Algunas veces esa violencia se manifiesta de forma verdaderamente impactante: la destrucción del Estado Libio, la traición al pueblo Saharaui, el genocidio palestino, los continuos intentos de desestabilización y de injerencia de corte imperialista en las políticas de los diferentes Gobiernos de izquierdas y progresistas al otro lado del Atlántico (con el Lehendakari Urkullu como cómplice de las multinacionales con label vasco que participan directamente de este robo a gran escala).
Otras veces, esa misma violencia se nos presenta de una forma mucho más sutil: el tan de actualidad lawfare (judicialización de la política, encarcelamiento o eliminación de lideres progresistas del sur global); el turismo depredador; el colonialismo económico disfrazado de “ayudas al desarrollo o a la reconstrucción” mediante “ONGs” que operan por estas zonas del planeta; las pomposas celebraciones y loas, también en tierra vasca, hacia algunos conquistadores y sus grandes hazañas, etc.
Estas prácticas y estas formas de relación supremacistas se basan en la ya comentada imposición epistemológica de Occidente.
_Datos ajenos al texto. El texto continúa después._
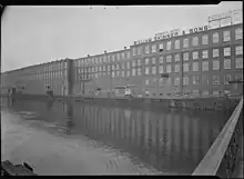 William Skinner & Sons, generally sold under the names Skinner's Satin, Skinner's Silk, and Skinner Fabrics, was an American textile manufacturer specializing in silk products, specifically woven satins with mills in Holyoke, main sales offices in New York, and a series of nationwide satellite offices in Boston, Chicago, Philadelphia, Baltimore, Cincinnati, Cleveland, Minneapolis, Rochester, and St. Louis.[2] Founded in 1848 by William Skinner as a partnership between himself and his brother-in-law at that time, the company was first established at a long-term location in Haydenville in 1854, as the Unquomonk Silk Mills. Following the Mill River Flood of 1874, Skinner relocated both his home and company to new facilities in Holyoke, Massachusetts, where the company would maintain its mills for the remainder of its existence. By the 20th century, Skinner & Sons had become the largest manufacturer of satins in the world, becoming one of the first to directly market to consumers in 1903, and operated out of the largest silk mill under one roof by 1912.[3][4] During the 1920s and 1930s the brand was popularized with its usage in Hollywood, with silk gowns made from its satins adorned by such stars as Joan Crawford and Bette Davis on the silver screen. The company would also work extensively with the US Armed Forces during the Second World War, developing improved silk and other textile parachutes.[5] Following a period of decline due in part to an increasingly competitive world market, the Skinner family and other shareholders sold the company for an undisclosed amount on January 26, 1961 to Indian Head Mills, which continued to operate the mills for converting rayon and other synthetics until the closure of the plant as a textile mill in 1963.[6][7] In the 1970s, the Finished Goods Division of Indian Head was acquired by Springs Global, which used the Skinner name, marketing, and product line until the late 1980s; it has been defunct since that time.[8]

Nuestra historia es La Historia, contada desde y para nosotras y nosotros, con su renacimiento, con su modernidad, sus revoluciones, sus guerras y sus “descubrimientos”. No hay más realidad y visión que la nuestra.
«La inmensa mayoría de esas situaciones en origen, si no la totalidad, son consecuencia más o menos directa o indirectamente, de la descomunal violencia que desplegamos desde Occidente contra los demás pueblos, contra las personas que los habitan y contra la propia naturaleza.»
Entonces, si las claves que nos permiten ver y comprender que la parte superior del planeta vive a costa y gracias al sometimiento de su parte inferior son acertadas, la constatación es clara: el pueblo vasco, somos participes de una doble condición como pueblo históricamente oprimido por el Reino de España y la República Francesa, y también como pueblo opresor, en la medida en que nos hemos beneficiado y nos beneficiamos participando de este crimen, ejerciendo nuestra supremacía como europeos, aún desde una posición subalterna respecto a esos mismos Estados que impiden el ejercicio nuestra plena soberanía.
Los vascos y vascas del siglo XXI no somos responsables de los actos cometidos por nuestro pueblo a lo largo de la historia, pero si lo somos respecto a nuestro presente y futuro cercano. Desde ahí podremos empezar a pensar y visualizar, como individuos y como pueblo, otra realidad que tenga en cuenta y supere estas prácticas inasumibles para cualquier sociedad que pretenda asentarse en valores de Justicia, Igualdad y Solidaridad.
«El racismo es por tanto intrínseco a nuestro sistema político y cultural, a nuestro bienestar y a nuestra posición en el mundo. Somos racistas, material y culturalmente. Nuestro objetivo claro es dejar de serlo.»